_Task:_
The data should be written out in full, exactly as it stands, and the pictures dropped.

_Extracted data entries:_
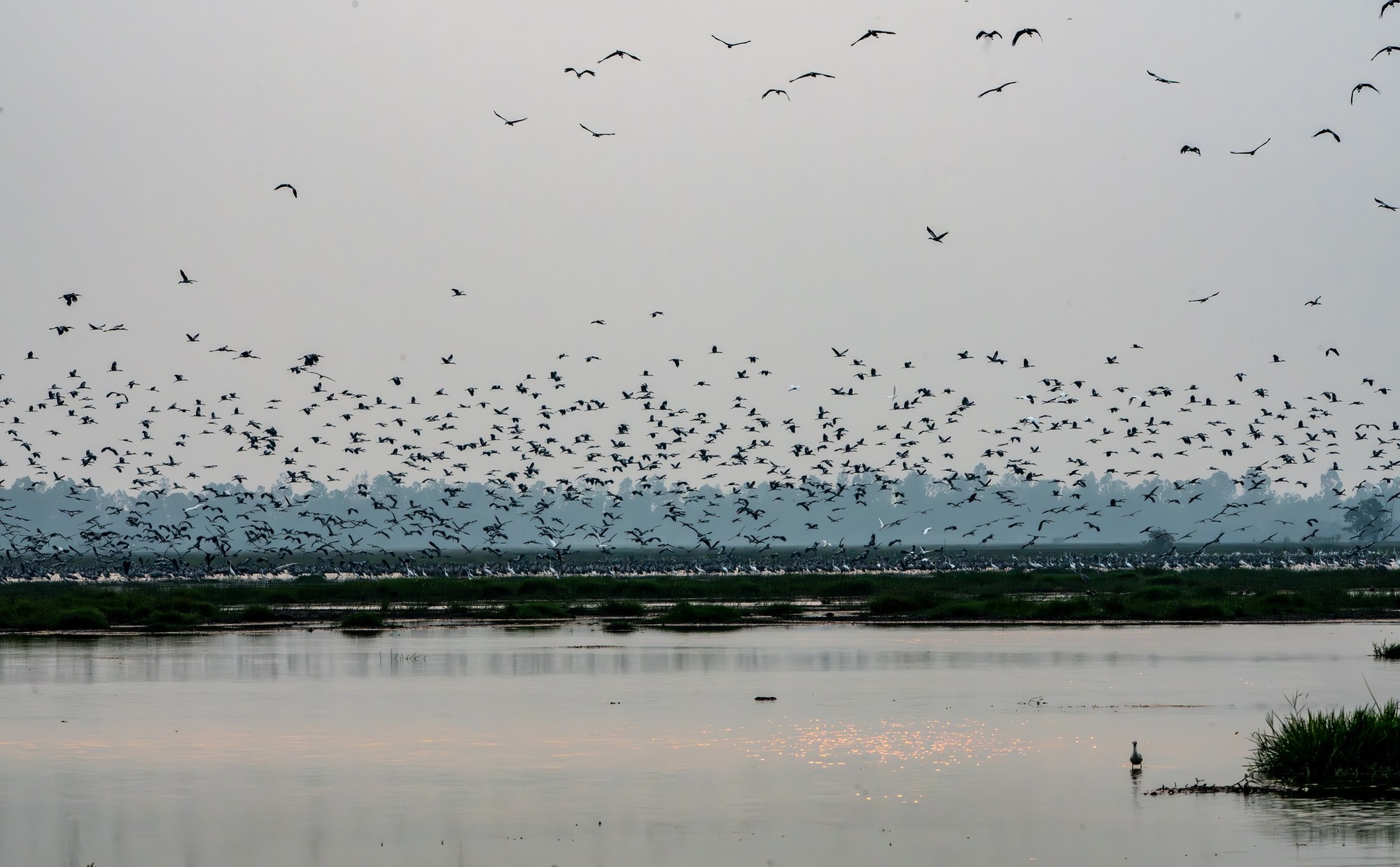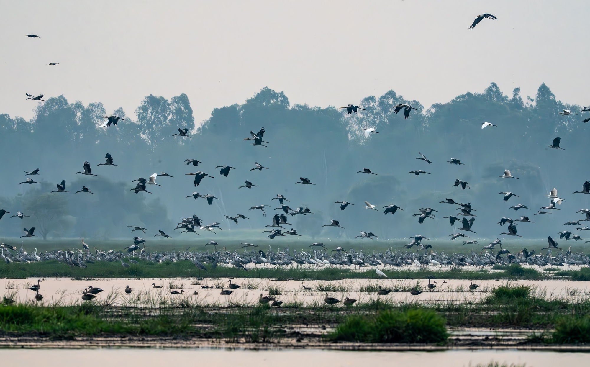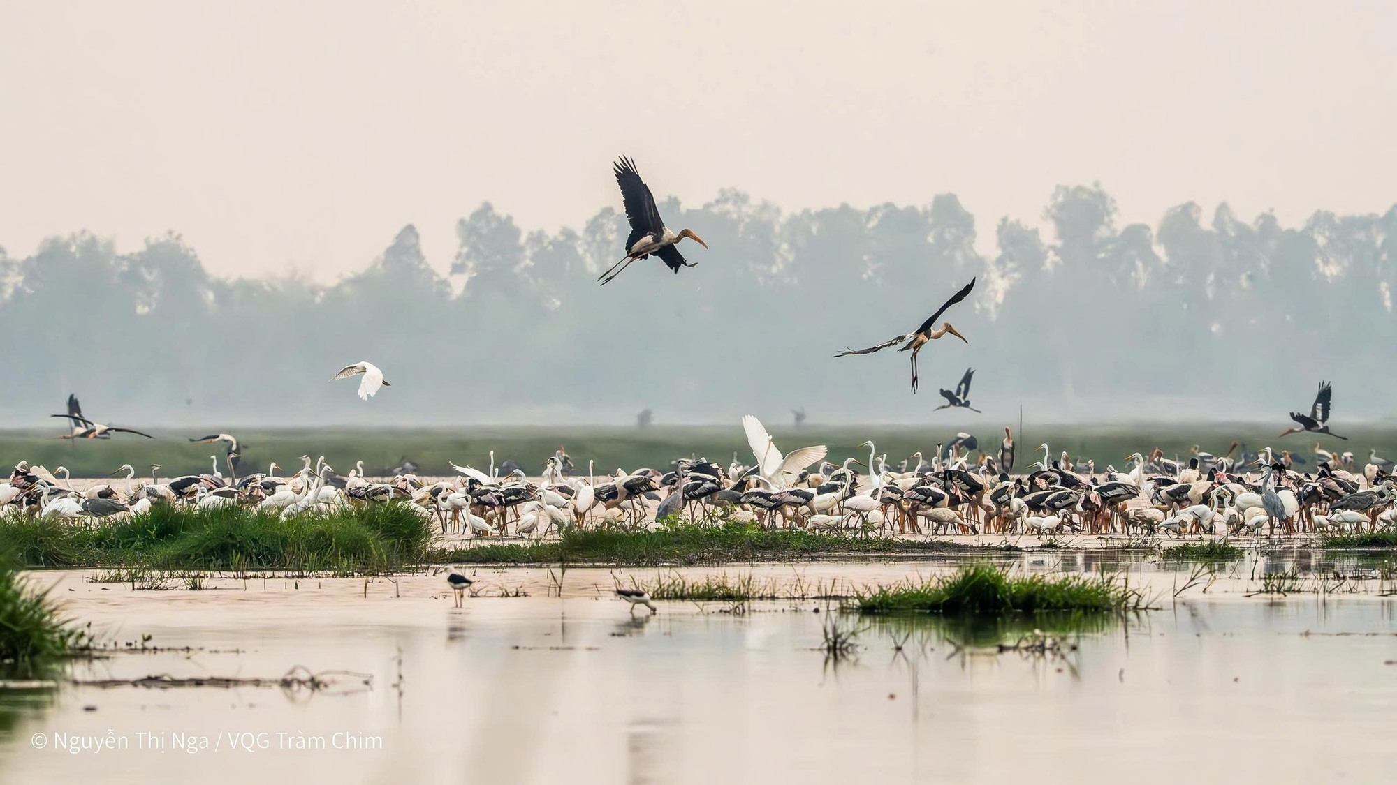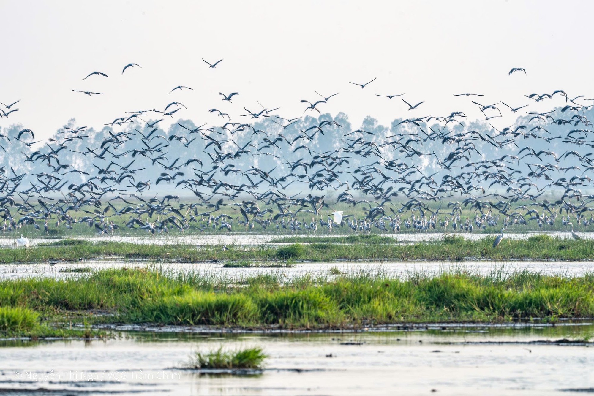 Hình ảnh ngoạn mục khi các chú chim "trở về" Vườn Quốc gia Tràm Chim - Ảnh: Nguyễn Thị Nga, cán bộ khu bảo tồn
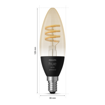 Op zoek naar slimme LED-lampen in vintage stijl met moderne twist? Dan zijn deze Philips Hue filament-kaarslampen met E-14 fitting wellicht iets voor jou! Deze filament-kaarslampen hebben een spiraalvormige gloeidraad die je doet denken aan de oude gloeilampen van vroeger. Geniet van de nostalgische lichtgloed in een trendy hang- of tafellamp en creëer de perfecte sfeer in huis met warm- tot koelwit licht. Ga voor extra sfeer bij een gezellig diner met vrienden dankzij de dimfunctie. De lampen zijn eenvoudig te bedienen met de Hue app, waar je kan kiezen uit 50.000 tinten warm- tot koelwit licht. Wil je toegang tot alle slimme functies zoals timers, automatiseringen of bediening als je niet thuis bent, koppel hem dan aan de Hue Bridge.
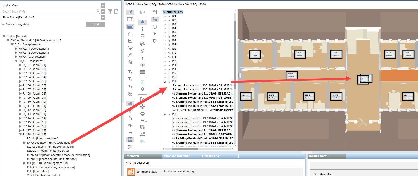 - Select Logical > [Subsystem name] > [Building name] > [Floor] > [Room] > > [Room 118] > {RHavcCoo} HVAC room coordination.
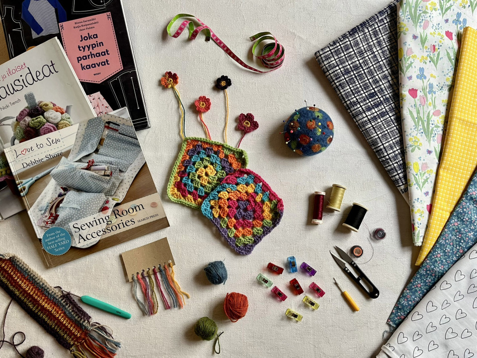 "alt_text": "Kuvassa on käsityöjuttuja",
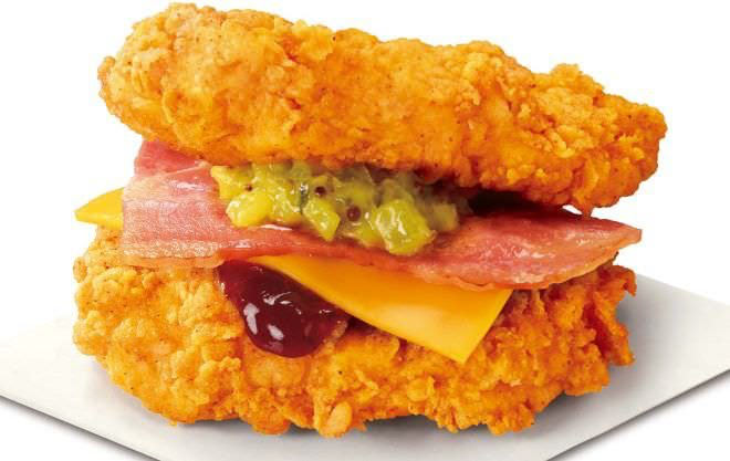 「オリジナルチキン」同様にカーネル・サンダース秘伝の味付け、調理法で仕上げた肉厚なチキンフィレ(鶏胸肉)一枚肉を2枚使用してバンズ代わりにし
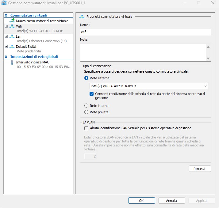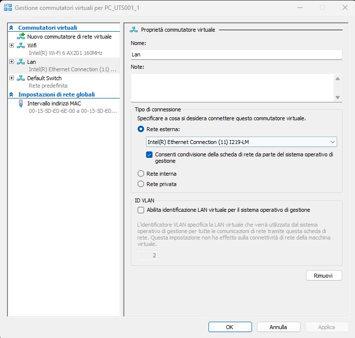 - Nel pannello Azioni a destra, clicca su Gestione commutatori virtuali....

_Result of the exercise:_
 Hình ảnh ngoạn mục khi các chú chim "trở về" Vườn Quốc gia Tràm Chim - Ảnh: Nguyễn Thị Nga, cán bộ khu bảo tồn
 Op zoek naar slimme LED-lampen in vintage stijl met moderne twist? Dan zijn deze Philips Hue filament-kaarslampen met E-14 fitting wellicht iets voor jou! Deze filament-kaarslampen hebben een spiraalvormige gloeidraad die je doet denken aan de oude gloeilampen van vroeger. Geniet van de nostalgische lichtgloed in een trendy hang- of tafellamp en creëer de perfecte sfeer in huis met warm- tot koelwit licht. Ga voor extra sfeer bij een gezellig diner met vrienden dankzij de dimfunctie. De lampen zijn eenvoudig te bedienen met de Hue app, waar je kan kiezen uit 50.000 tinten warm- tot koelwit licht. Wil je toegang tot alle slimme functies zoals timers, automatiseringen of bediening als je niet thuis bent, koppel hem dan aan de Hue Bridge.
 - Select Logical > [Subsystem name] > [Building name] > [Floor] > [Room] > > [Room 118] > {RHavcCoo} HVAC room coordination.
 "alt_text": "Kuvassa on käsityöjuttuja",
 「オリジナルチキン」同様にカーネル・サンダース秘伝の味付け、調理法で仕上げた肉厚なチキンフィレ(鶏胸肉)一枚肉を2枚使用してバンズ代わりにし
 - Nel pannello Azioni a destra, clicca su Gestione commutatori virtuali....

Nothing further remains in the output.